---------- EXTRACTED ENTRIES ----------

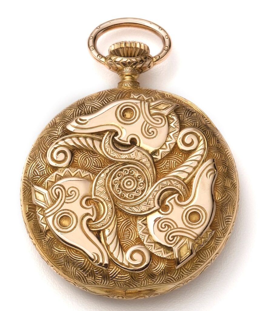 By the late nineteenth century men were beginning to embrace greater ornamentation in their personal accessories, particularly where pocket watches were concerned. A standard item in the male wardrobe, usually accompanied by a watch fob and a showy watch chain, a watch case could support a variety of lively designs and yet remain quietly out of sight except when needed. One example by Tiffany and Company boasts a robust interpretation of the Celtic style. With the successful installation of Cyrus Fields’s transatlantic telegraph cable in 1858 came a flock of jewelry and other ornaments that featured souvenirs from the project, including the watch fob seen here, built around a section of leftover cable. In the twentieth century, as the wristwatch came into vogue, men were given another opportunity to wear an eye-catching but functional accessory.
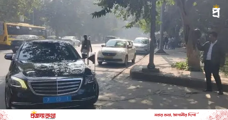 ভারতের পররাষ্ট্র মন্ত্রণালয়ের প্রবেশ করছে বাংলাদেশের হাইকমিশনার এম রিয়াজ হামিদুল্লাহকে বহনকারী গাড়ি। ছবি: সংগৃহীত নয়াদিল্লিতে নিযুক্ত বাংলাদেশের হাইকমিশনার এম রিয়াজ
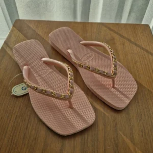 รองเท้าหูหนีบแฟชั่น แต่งโซ่ที่สาย สีชมพู
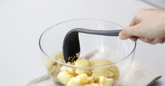 従来品の「穴に食材が詰まって洗いにくい」「つぶすのに力がいる・時間がかかる」などの不満点を丁寧に解消するアイテムとして開発しました。ポテトサラダ、卵サンド、ディップ、離乳食など様々な料理のマッシュだけでなく、ハンバーグなどひき肉をこねる作業にもご活用いただけます。
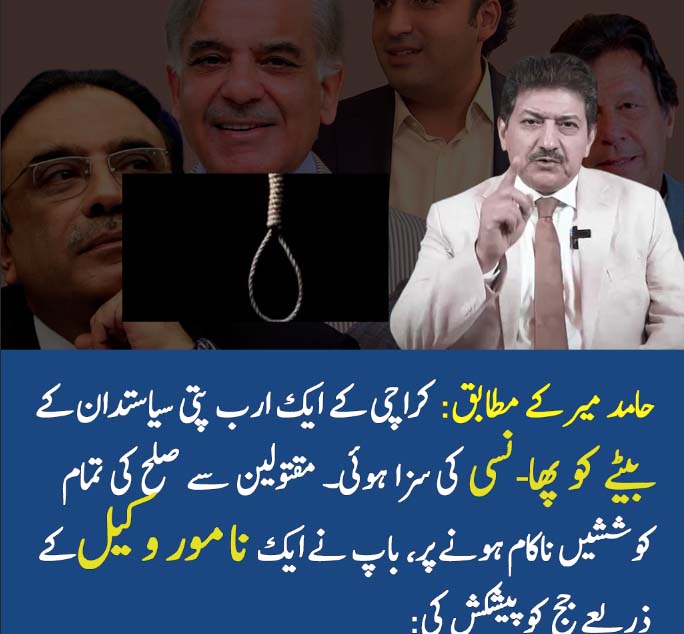 حامد میر کے حوالے سے ایک مشہور واقعہ بیان کیا جاتا ہے کہ کراچی کے ایک ارب پتی سیاستدان کے بیٹے کو پھانسی کی سزا سنا دی گئی۔ سزا سنانے کے بعد ملزم کے باپ نے مقتولین سے صلح کرنے کی بڑی کوشش کی مگر ناکام رہا۔ آخرکار اس نے ایک بڑے نامور وکیل کے ذریعے کیس کے جج سے رابطہ کیا اور پیشکش کی: “اگر تم میرے بیٹے کو کسی طرح بھی پھانسی سے بچا لو تو میں تمہاری زندگی بدل دوں گا اور تمہیں نقد ایک ارب روپے دوں گا۔”

----------

TASK BRIEF —
Your answer should be the lines above, word for word, from the line with "ভারতের পররাষ্ট্র মন্ত্রণালয়ের" through the line with "従来品の「穴に食材が詰まって", minus the pictures.

RESULT OF THIS EXERCISE —
 ভারতের পররাষ্ট্র মন্ত্রণালয়ের প্রবেশ করছে বাংলাদেশের হাইকমিশনার এম রিয়াজ হামিদুল্লাহকে বহনকারী গাড়ি। ছবি: সংগৃহীত নয়াদিল্লিতে নিযুক্ত বাংলাদেশের হাইকমিশনার এম রিয়াজ
 รองเท้าหูหนีบแฟชั่น แต่งโซ่ที่สาย สีชมพู
 従来品の「穴に食材が詰まって洗いにくい」「つぶすのに力がいる・時間がかかる」などの不満点を丁寧に解消するアイテムとして開発しました。ポテトサラダ、卵サンド、ディップ、離乳食など様々な料理のマッシュだけでなく、ハンバーグなどひき肉をこねる作業にもご活用いただけます。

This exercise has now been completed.